_Work item_
Everything in the listing below should be repeated verbatim, apart from the pictures.

_Information provided_
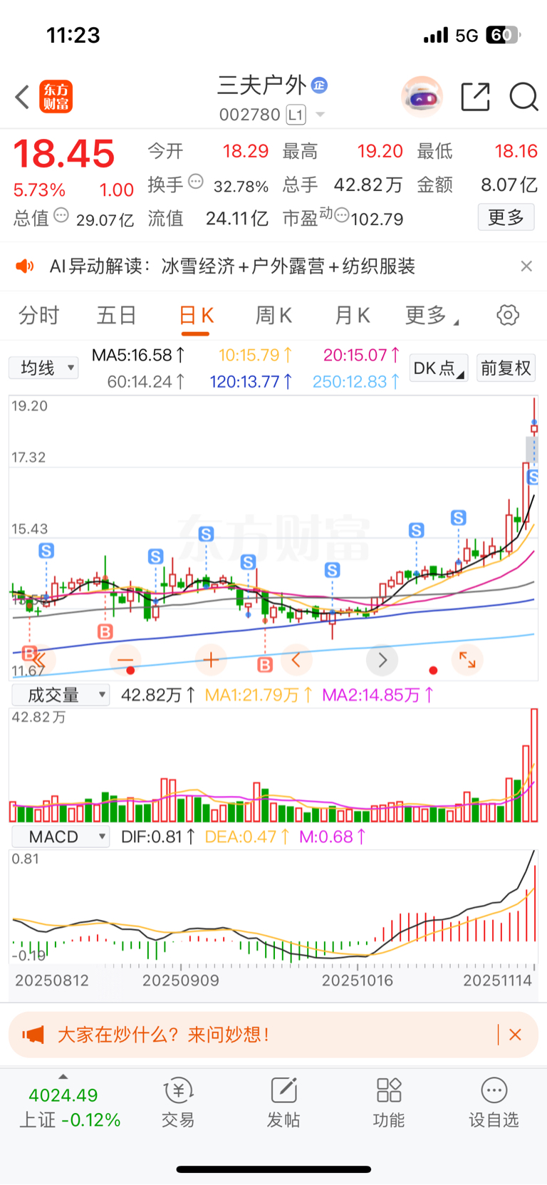 $三夫户外(SZ002780)$ 挣50几个点走啦
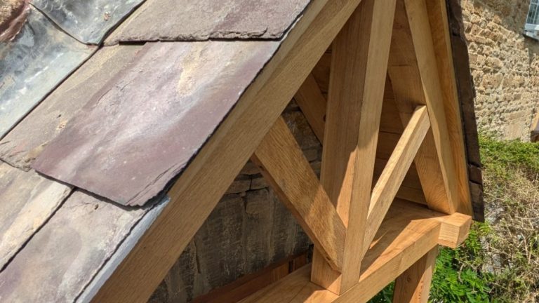 We sourced and supplied sustainably managed english Oak for this project and reused the existing slates and reinstated the leadwork, everything was planed to a smooth finish and oiled to bring out the character and grain of the Oak.
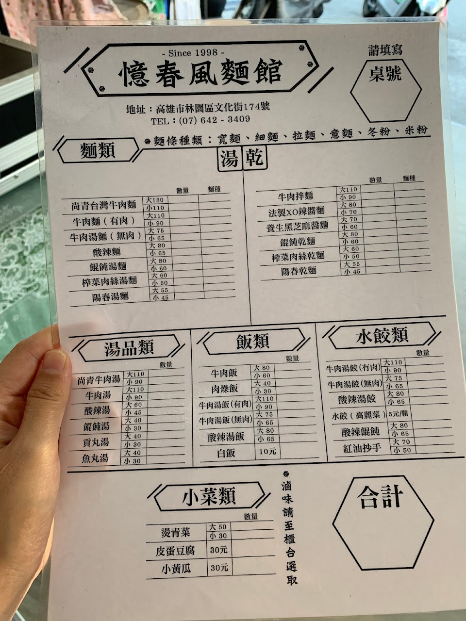 以南部來說算是價位偏高的麵店,但是份量非常足夠,點小份的麵類當主食,搭配滷菜以及酸辣湯已經足夠填飽肚子。滷菜種類非常多元,且都入味,如果要來品嚐的話,小菜算是不可錯過的一大重點,可以讓你的餐點搭配有大大的風味提升。 麵類有拉麵、細麵以及粗麵等等的不同選擇,讓每個人可以根據喜好來挑選自己喜歡的口感以及口味。最主打的還是牛肉麵系列,但本人是喜歡他的酸辣湯以及乾麵系列,酸辣湯的料非常充足以及多元,一碗30以及40的價格可以說是非常值回票價,而他的水餃也是許多人會選擇的一個餐點,非常飽滿且夠味。 如果你有空來到林園旅遊不知道要吃什麼的時候,這間億春風麵館或許會是你一個可以考慮的選擇。
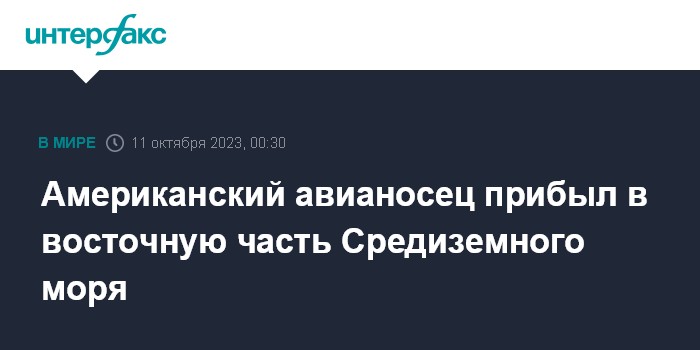 Москва. 11 октября. INTERFAX.RU - Авианосец США USS Gerald Ford, прибыл во вторник в восточную часть Средиземного моря, сообщает американское военное командование.

_The completed task_
 $三夫户外(SZ002780)$ 挣50几个点走啦
 We sourced and supplied sustainably managed english Oak for this project and reused the existing slates and reinstated the leadwork, everything was planed to a smooth finish and oiled to bring out the character and grain of the Oak.
 以南部來說算是價位偏高的麵店,但是份量非常足夠,點小份的麵類當主食,搭配滷菜以及酸辣湯已經足夠填飽肚子。滷菜種類非常多元,且都入味,如果要來品嚐的話,小菜算是不可錯過的一大重點,可以讓你的餐點搭配有大大的風味提升。 麵類有拉麵、細麵以及粗麵等等的不同選擇,讓每個人可以根據喜好來挑選自己喜歡的口感以及口味。最主打的還是牛肉麵系列,但本人是喜歡他的酸辣湯以及乾麵系列,酸辣湯的料非常充足以及多元,一碗30以及40的價格可以說是非常值回票價,而他的水餃也是許多人會選擇的一個餐點,非常飽滿且夠味。 如果你有空來到林園旅遊不知道要吃什麼的時候,這間億春風麵館或許會是你一個可以考慮的選擇。
 Москва. 11 октября. INTERFAX.RU - Авианосец США USS Gerald Ford, прибыл во вторник в восточную часть Средиземного моря, сообщает американское военное командование.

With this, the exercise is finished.